When running the BamToFastqPlugin in testrerun and rerun mode, the read-groups are culled a second time from the BAMs. Whatever the reasons for that (probably new workflow object), in the second round the workflow crashes with

/icgc/dkfzlsdf/analysis/B080/kensche/RoddyProject_Roddy3.0/Roddy/roddy.sh testrerun bam2fastq.any@convert gms --useconfig=/icgc/dkfzlsdf/analysis/B080/kensche/RoddyProject_Roddy3.0/testConfigs/applicationProperties-analysis-local-lsf.ini --useRoddyVersion=develop --con
figurationDirectories=/icgc/dkfzlsdf/analysis/B080/kensche/RoddyProject_Roddy3.0/testConfigs/BamToFastqPlugin/ --usePluginVersion=BamToFastqPlugin:develop --useiodir=/icgc/dkfzlsdf/analysis/B080/kensche/testData/view-by-pid,/icgc/dkfzlsdf/analysis/B080/kensche/roddy-bam2
fastq-test '--cvalues=bamfile_list:/icgc/dkfzlsdf/analysis/B080/kensche/testData/view-by-pid/gms/data//gerald_D1VCPACXX_1.bam;/icgc/dkfzlsdf/analysis/B080/kensche/testData/view-by-pid/gms/data//gerald_D1VCPACXX_2.bam;/icgc/dkfzlsdf/analysis/B080/kensche/testData/view-by-
pid/gms/data//gerald_D1VCPACXX_3.bam;/icgc/dkfzlsdf/analysis/B080/kensche/testData/view-by-pid/gms/data//gerald_D1VCPACXX_4.bam;/icgc/dkfzlsdf/analysis/B080/kensche/testData/view-by-pid/gms/data//gerald_D1VCPACXX_5.bam;/icgc/dkfzlsdf/analysis/B080/kensche/testData/view-b
y-pid/gms/data//gerald_D1VCPACXX_6.bam;/icgc/dkfzlsdf/analysis/B080/kensche/testData/view-by-pid/gms/data//gerald_D1VCPACXX_7.bam;/icgc/dkfzlsdf/analysis/B080/kensche/testData/view-by-pid/gms/data//gerald_D1VCPACXX_8.bam'
Required JRE/JDK: 1.8
Required Groovy:
Runtime Environment:
  /home/kensche/.sdkman/candidates/java/8.0.171-oracle/bin/java
  /home/kensche/.sdkman/candidates/java/8.0.171-oracle/bin/javac
  /home/kensche/.sdkman/candidates/groovy/2.4.15/bin/groovy
Using Java to start Roddy
Roddy version 3.0.7
Loading properties file /icgc/dkfzlsdf/analysis/B080/kensche/RoddyProject_Roddy3.0/testConfigs/applicationProperties-analysis-local-lsf.ini.

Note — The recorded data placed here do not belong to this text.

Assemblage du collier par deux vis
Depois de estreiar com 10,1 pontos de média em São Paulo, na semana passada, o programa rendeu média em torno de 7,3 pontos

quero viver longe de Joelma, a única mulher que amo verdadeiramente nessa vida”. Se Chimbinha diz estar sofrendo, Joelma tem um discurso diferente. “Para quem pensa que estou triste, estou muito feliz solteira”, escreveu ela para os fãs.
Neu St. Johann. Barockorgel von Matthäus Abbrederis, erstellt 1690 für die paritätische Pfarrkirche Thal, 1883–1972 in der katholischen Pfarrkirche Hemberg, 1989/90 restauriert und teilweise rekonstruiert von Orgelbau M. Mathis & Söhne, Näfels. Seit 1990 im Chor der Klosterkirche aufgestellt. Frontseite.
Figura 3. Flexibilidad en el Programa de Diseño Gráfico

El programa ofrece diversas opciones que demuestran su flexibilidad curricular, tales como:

Roddy will try to use the DirectSynchronousExecutionJobManager job manager class to manage jobs.

Loaded plugin BamToFastqPlugin:develop (/icgc/dkfzlsdf/analysis/B080/kensche/RoddyProject_Roddy3.0/plugins_3.0/BamToFastqPlugin)

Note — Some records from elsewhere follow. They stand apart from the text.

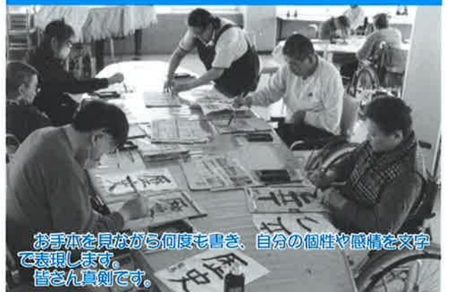
お手本を見ながら何度も書き、自分の個性や感情を文字で表現します。皆さん真剣です。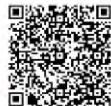
▲インターネットでの申し込みはこちらから

「はじめの一步!」 けんぱんハーモニカ を開催します 11月26日(土)、27日(日) 10時~11時(全2回) 市民文化センター生活研修室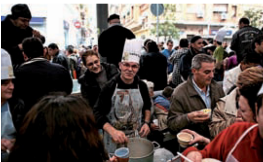
Festival de Sopes del Món Mundial del 2010.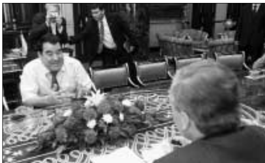
Сохранять каналы связи: президент Туркменистана Сапармурат Ниязов и Действующий председатель Яап де Хооп Схеффер.

Президент заявил на это, что принятие новых законов связано с угрозой терроризма, которая стала ощущаться в стране после попытки покушения.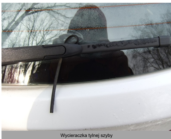
Wycieraczka tylnej szyby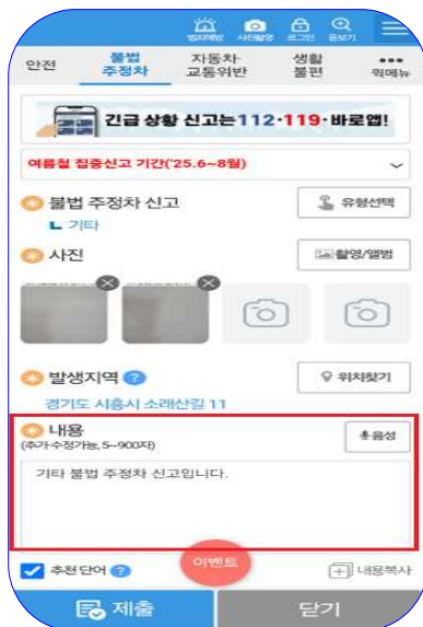
⑧ 내용 작성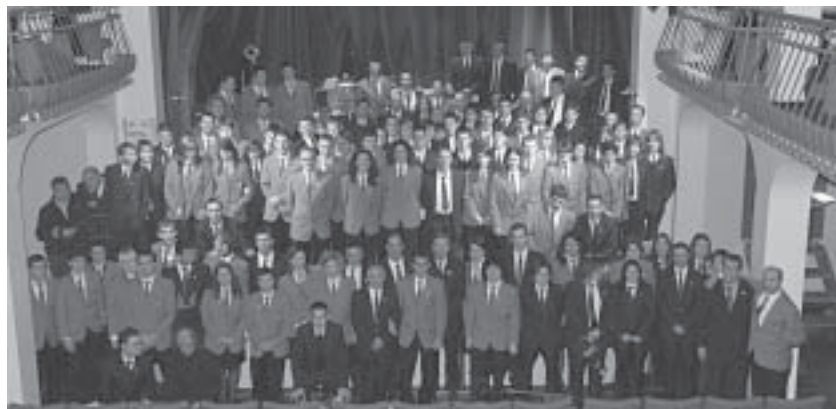
La Banda di Aldeno, con gli ospiti spagnoli di Banyeres de Mariola in teatro.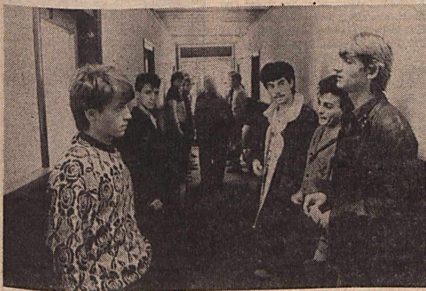
A befogadóállomáson első fokú menekültügyi hatóság működik Békéscsabán. Írásunk a 8–9. oldalon.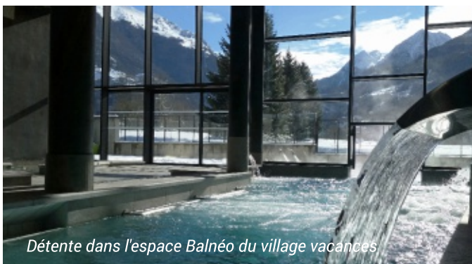
Détente dans l'espace Balnéo du village vacances

Les programmes d'activités sont donnés à titre indicatif et sont susceptibles d'être aménagés selon les conditions météorologiques ou la disponibilité du prestataire. Espace aqualudique couvert et chauffé, n'oubliez pas votre tenue de bain !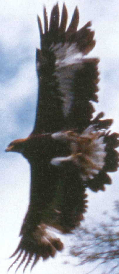
Maakotkan uljasta lentoa.

Kolmen opistoupseerin Wings – Nature Photog- raphy yhteisnäyttely Tikkakoskella kertoo hienol- la tavalla lintujen lentotaidosta. Keskeisessä osassa kuvissa ovat siivet ja lentäminen. Näyt- tely on avoinna koko kesän Keski-Suomen ilmailumuseossa.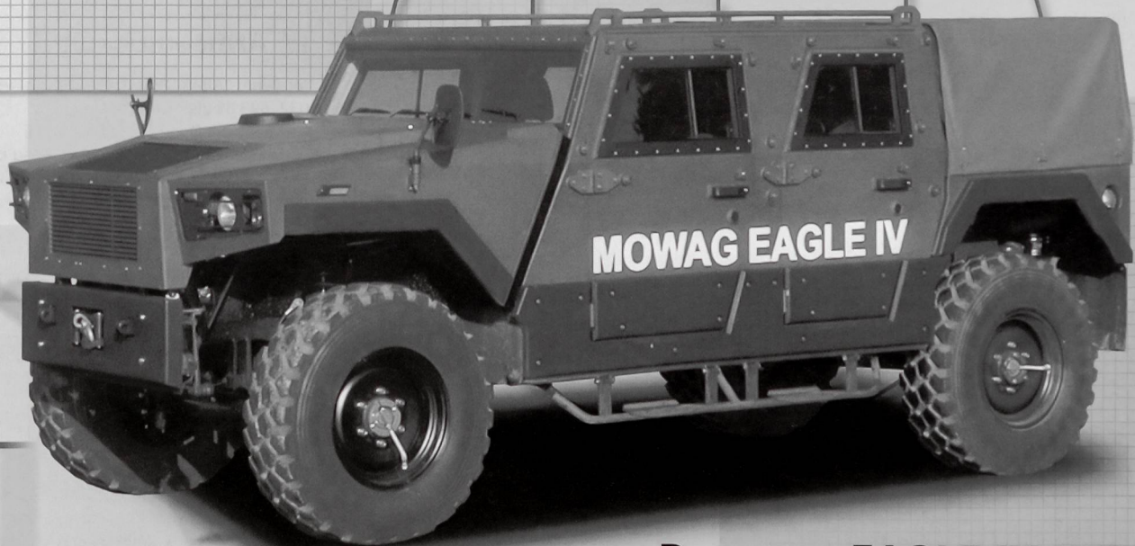
Der neue EAGLE IV 4x4

Die neu entwickelten MOWAG EAGLE IV und DURO III P bieten äusserst wirkungsvollen Ballistik- und Minenschutz bei geringem Gewicht sowie eine sehr hohe Gelände- und Strassenmobilität. Daraus resultiert eine grösstmögliche Sicherheit für Besatzung und Mannschaft.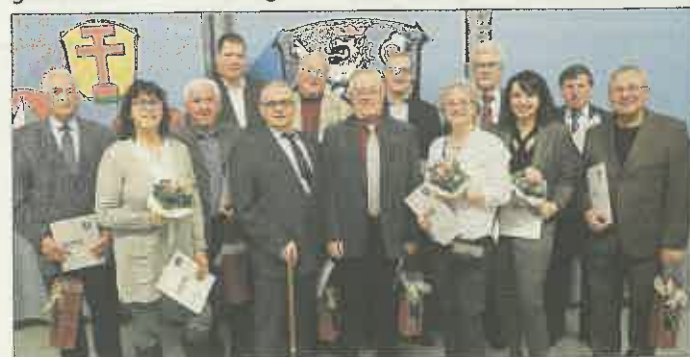
Stadt Ehrungsmarathon – hier ein Archivfoto vom Neujahrsempfang am 8. Januar 2017 – gibt es zukünftig ganzjährig Ehrungen innerhalb der Vereine

Die Ehrungssatzung als Grundlage ist auf der Homepage der Stadt nachzulesen: http://www.riedstadt.de/nc/rathaus/rathaus/satzungen/ehrenamtsfoerderung/download/ehrungssatzung.html .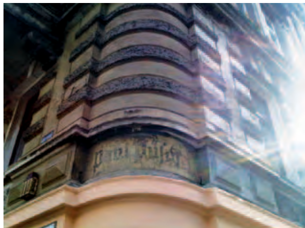
Erhalten gebliebene deutsche Spuren in der ulica Piastowska in Legnica; Zachowane niemieckie ślady na ulicy Piastowskiej w Legnicy; Сохранить оставшиеся немецкие следы по улице Пиастовская (ulica Piastowska) в городе Легница; M. König, X 2012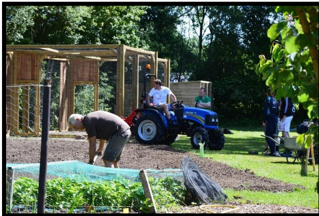
Aanbod van diverse activiteiten

Als de zorgvraag aansluit op het aanbod van onze zorg wordt er een kennismakingsgesprek ingepland. Indien er woonruimte vrij is en de criteria het toelaten, of wanneer je toestemming hebt van je zorginstelling wordt er na een intakegesprek gestart.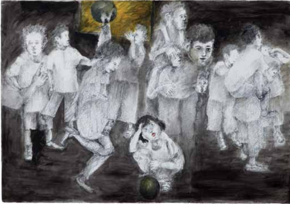
משחקי ילדים (רחוב), 2011, רישום דיו ואקריליק על נייר, 80x110 Children's Games (street), 2011, ink drawing and acrylic on paper, 80x110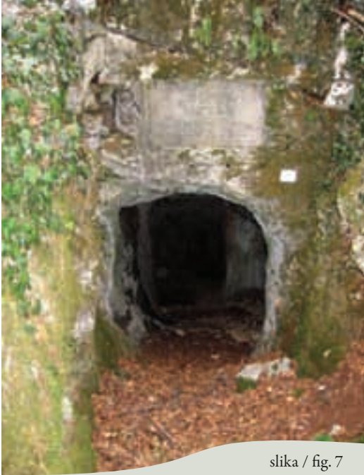
slika / fig. 7

Od Klobasje jame ni po omenjenem kolovozu daleč do sosednje, Lojzove jame, skrite nekoliko globlje v zavetju okoliških vzpetin.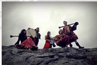
Kel Amrûn Mystic Folk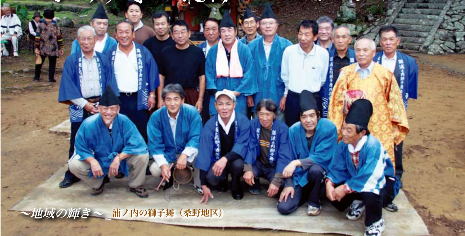
～地域の輝き～ 浦ノ内の獅子舞（桑野地区）

悠久の時を超えて今に受け継ぐ伝統の舞が 羽落神社と杉尾神社の例祭で奉納される 地域の誇りと伝統の灯を引き継ぐため ふるさとを愛する若連中が祭りを盛り上げる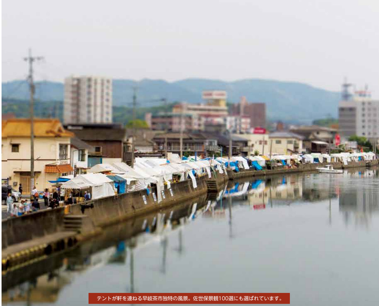
テントが軒を連ねる早岐茶市独特の風景。佐世保景観100選にも選ばれています。

今回の特集では新旧の佐世保の市を取り上げ、市だからこそ楽しさや、それぞれの市で活躍している人たちからのメッセージをお伝えします。

Loaded plugin PluginBase:1.2.1-0       (/icgc/dkfzlsdf/analysis/B080/kensche/RoddyProject_Roddy3.0/Roddy/dist/plugins/PluginBase_1.2.1)
Loaded plugin DefaultPlugin:develop    (/icgc/dkfzlsdf/analysis/B080/kensche/RoddyProject_Roddy3.0/Roddy/dist/plugins/DefaultPlugin)

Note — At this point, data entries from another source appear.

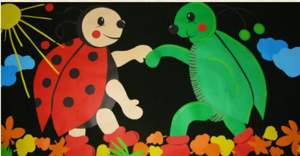
Gazetka klasowa - Nasza okolica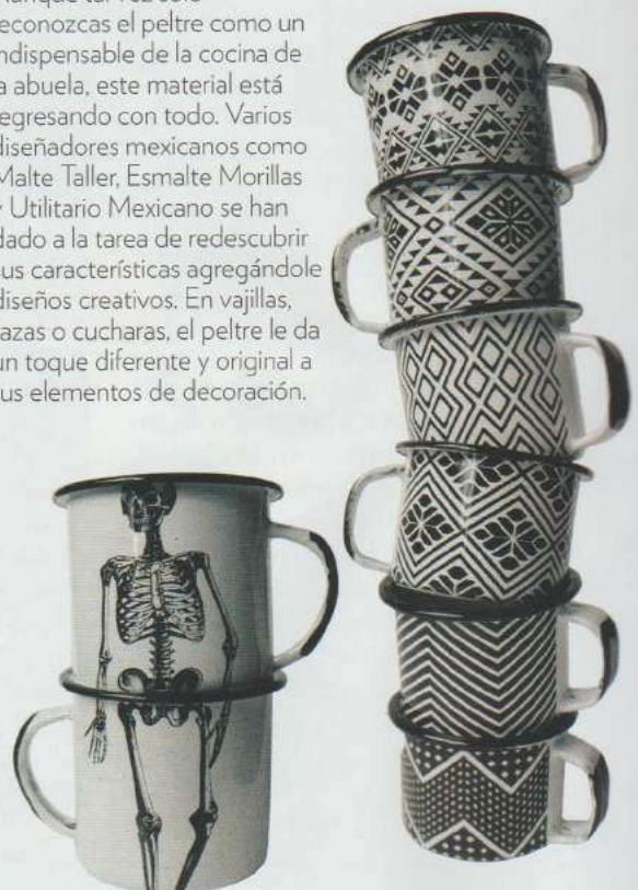
Tazas de peltre, de Malte Taller.

Aunque tal vez sólo reconozcas el peltre como un indispensable de la cocina de la abuela, este material está regresando con todo. Varios diseñadores mexicanos como Malte Taller, Esmalte Morillas y Utilitario Mexicano se han dado a la tarea de redescubrir sus características agregándoles diseños creativos. En vajillas, tazas o cucharas, el peltre le da un toque diferente y original a tus elementos de decoración.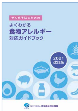
ぜん息予防のための よくわかる食物アレルギー 対応ガイドブック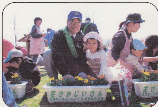
〈 一緒に植えようね 〉

* 植えた花は、石和温泉足湯ひろばなどに飾られ、地域だけでなく観光客の目をなごませました。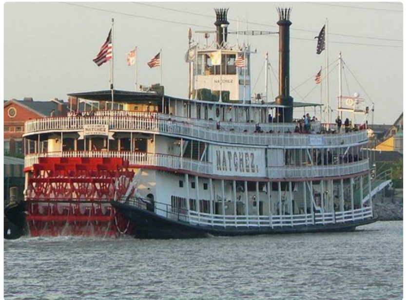
Siipiraslaiva Natchez vie matkustajat Mississippijoen alajuoksuun Meksikonlahden suulle.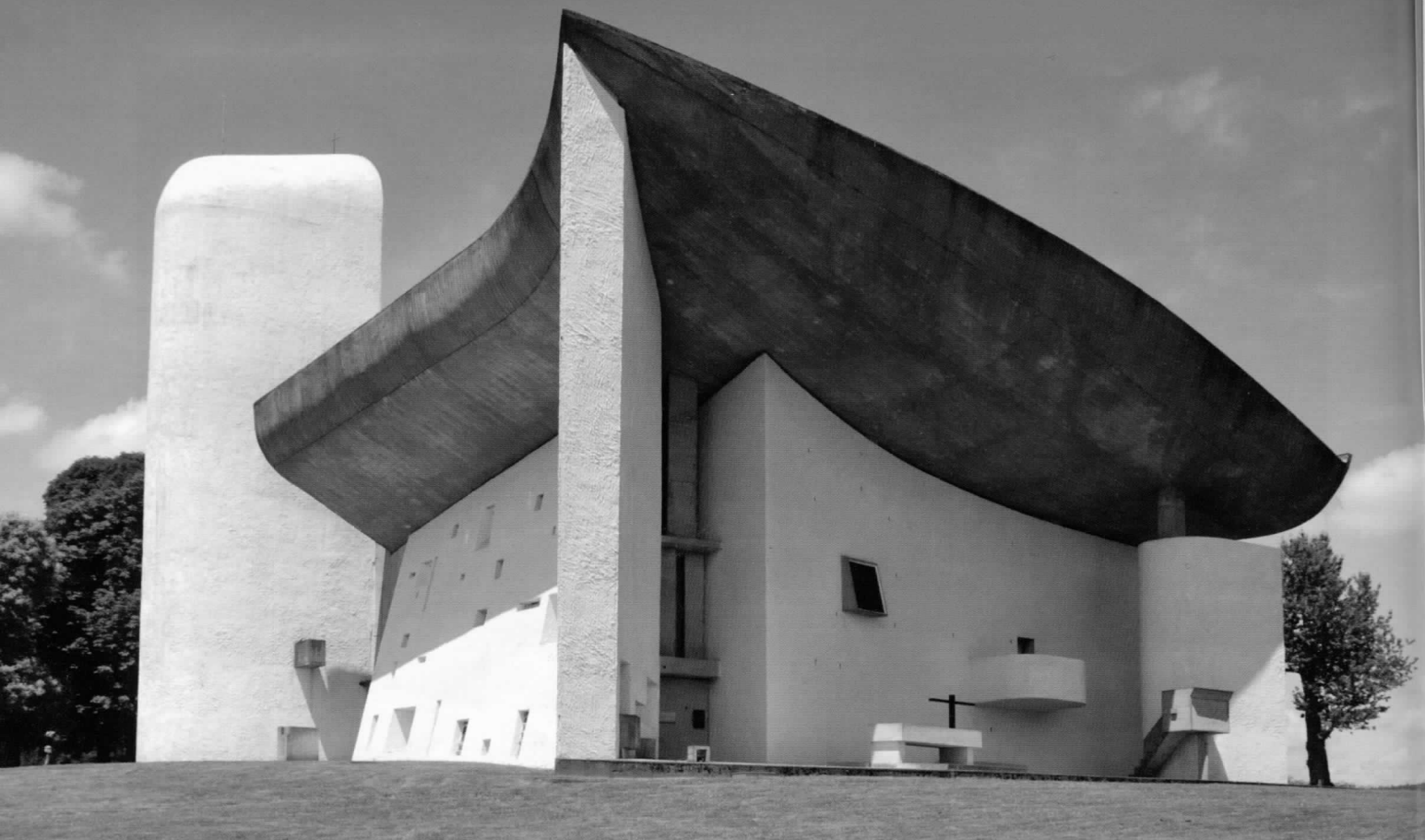
Notre Dame du Haut in Ronchamp

Een tweede voorbeeld is de Kerk van het Licht, een christelijke kapel van een Japans kerkgenootschap in Ibaraki (Japan). Het is in 1989 gebouwd door Tadao Ando . Een gebouw, weliswaar in de modernistische traditie (beton, eenvoudige muren, vierkante vormen), maar van een dichterlijke schoonheid. De architect zorgt voor wat we een sprekende leegte zouden kunnen noemen, een leegte die gevuld wordt met een kruis van licht. Ando maakt de kracht van dit licht tastbaar door de radicaliteit waarmee de horizontale en verticale lijnen elkaar door de hele zaal kruisen en zich uitstrekken naar het eind van de muur. De zaal nodigt je uit om je hart lichamelijk open te stellen voor een andere werkelijkheid. Het staat buiten kijf dat dit een heel eenvoudig gebouw is en het heeft ongetwijfeld weinig gekost. En toch heeft het een superieure kwaliteit door de uitgebalanceerde proporties. De schoonheid ervan schept een spirituele ruimte.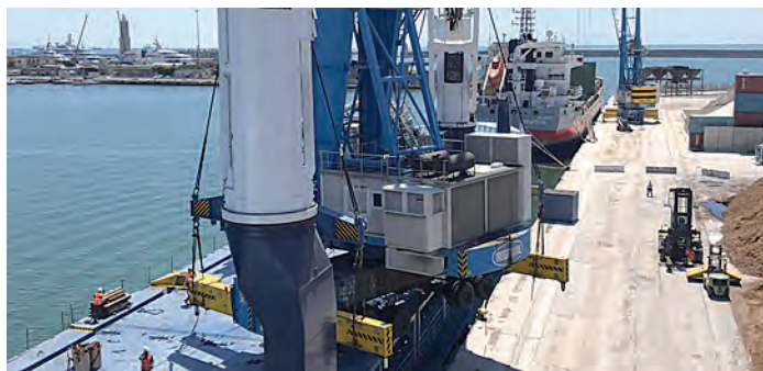
Un momento dello sbarco delle gru

Già durante lo scorso anno, i soci del Tco avevano deliberato

Load configuration file /icgc/dkfzlsdf/analysis/B080/kensche/RoddyProject_Roddy3.0/testConfigs/BamToFastqPlugin/test1.xml
Load configuration file /icgc/dkfzlsdf/analysis/B080/kensche/RoddyProject_Roddy3.0/Roddy/dist/plugins/DefaultPlugin/resources/configurationFiles/default.xml
Load configuration file /icgc/dkfzlsdf/analysis/B080/kensche/RoddyProject_Roddy3.0/plugins_3.0/BamToFastqPlugin/resources/configurationFiles/bam2fastq.xml

Found 8 datasets in the in- and output directories.
Listing read groups in '/icgc/dkfzlsdf/analysis/B080/kensche/testData/view-by-pid/gms/data/gerald_D1VCPACXX_1.bam'. This may take a while.
Listing read groups in '/icgc/dkfzlsdf/analysis/B080/kensche/testData/view-by-pid/gms/data/gerald_D1VCPACXX_2.bam'. This may take a while.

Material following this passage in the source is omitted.